Your objective:
What should be copied is the stretch of entries below from the line with "粉黛。ins羽h毛镜壁饰壁挂装饰画少女心 玄关客厅沙发床头轻奢壁" up to and including the line with "很抱歉我们没有有关28335驱动DAC7724 应用的电路和代码参考资料。您可以参照 datasheet", exactly and without images.

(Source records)
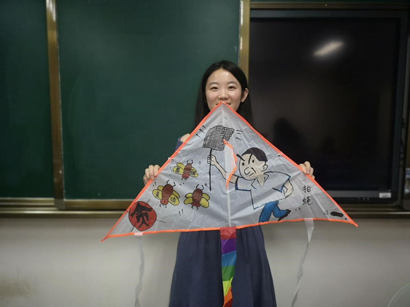 来自电子信息公司的朱星星举起风筝,介绍了自己创作的初衷:“围绕‘廉洁诚信’这一主题,以‘基层反腐’为中心绘制了题目为《拍蝇》的作品。图中‘苍蝇’象征着基层腐败人员,挥着‘拍子’的‘人’代表以习近平同志为核心的党中央。左下方的标志重在强调反腐的决心,表明乱飞的‘苍蝇’必须拍,要集中力量反腐,推动从严治党向基层延伸!”
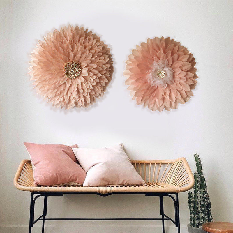 粉黛。ins羽h毛镜壁饰壁挂装饰画少女心 玄关客厅沙发床头轻奢壁
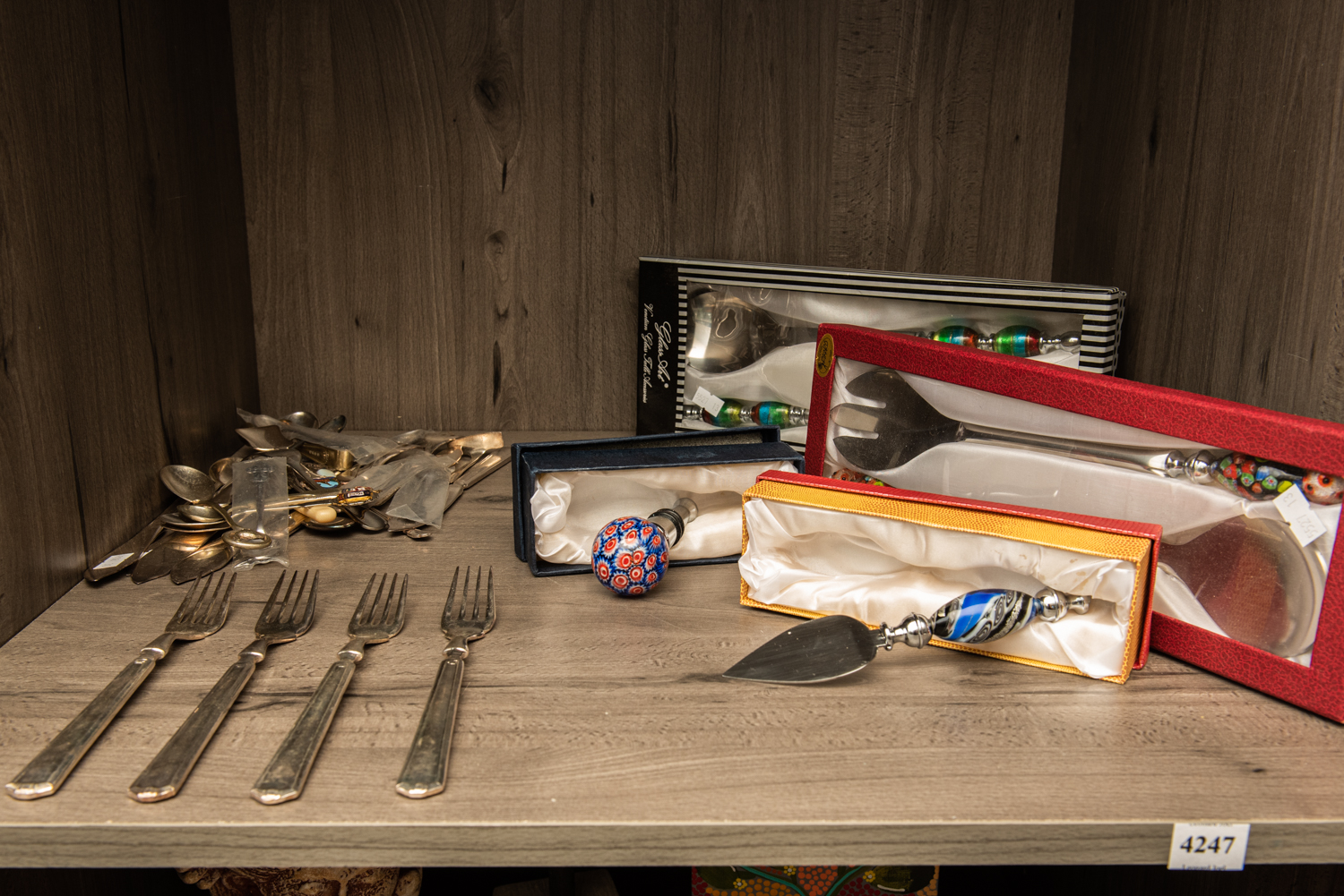 TWO SERVING SETS, A BUTTER KNIFE AND A WINE STOPPER WITH DECORATIVE GLASS HANDLES, LEONARD JOEL LOCAL DELIVERY SIZE: SMALL
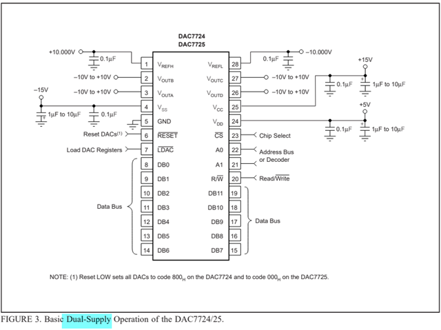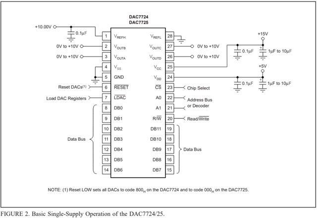 很抱歉我们没有有关28335驱动DAC7724 应用的电路和代码参考资料。您可以参照 datasheet 给出的单电源或双电源原理图接线,如下截图所示:
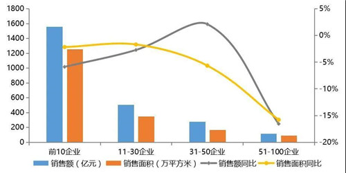 各陣營房企銷售及同比來看,今年前5月,TOP10房企銷售額均值為1558.4億元,同比下降5.9%;TOP11~30房企銷售額均值為502.9億元,同比均值下降2.7%;TOP31~50企業(yè)、TOP51~100房企的銷售額均值分別為274.9億元和115.5億元,其中TOP30~50房企同比均值上升2.1%,TOP51~100房企同比均值下降16.6%。
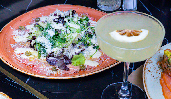 carpaccio de lomo de res acompañado de salsa de atún, crunch de alcaparras, mix de verdes y queso grana padano.

Written answer:
 粉黛。ins羽h毛镜壁饰壁挂装饰画少女心 玄关客厅沙发床头轻奢壁
 TWO SERVING SETS, A BUTTER KNIFE AND A WINE STOPPER WITH DECORATIVE GLASS HANDLES, LEONARD JOEL LOCAL DELIVERY SIZE: SMALL
 很抱歉我们没有有关28335驱动DAC7724 应用的电路和代码参考资料。您可以参照 datasheet 给出的单电源或双电源原理图接线,如下截图所示:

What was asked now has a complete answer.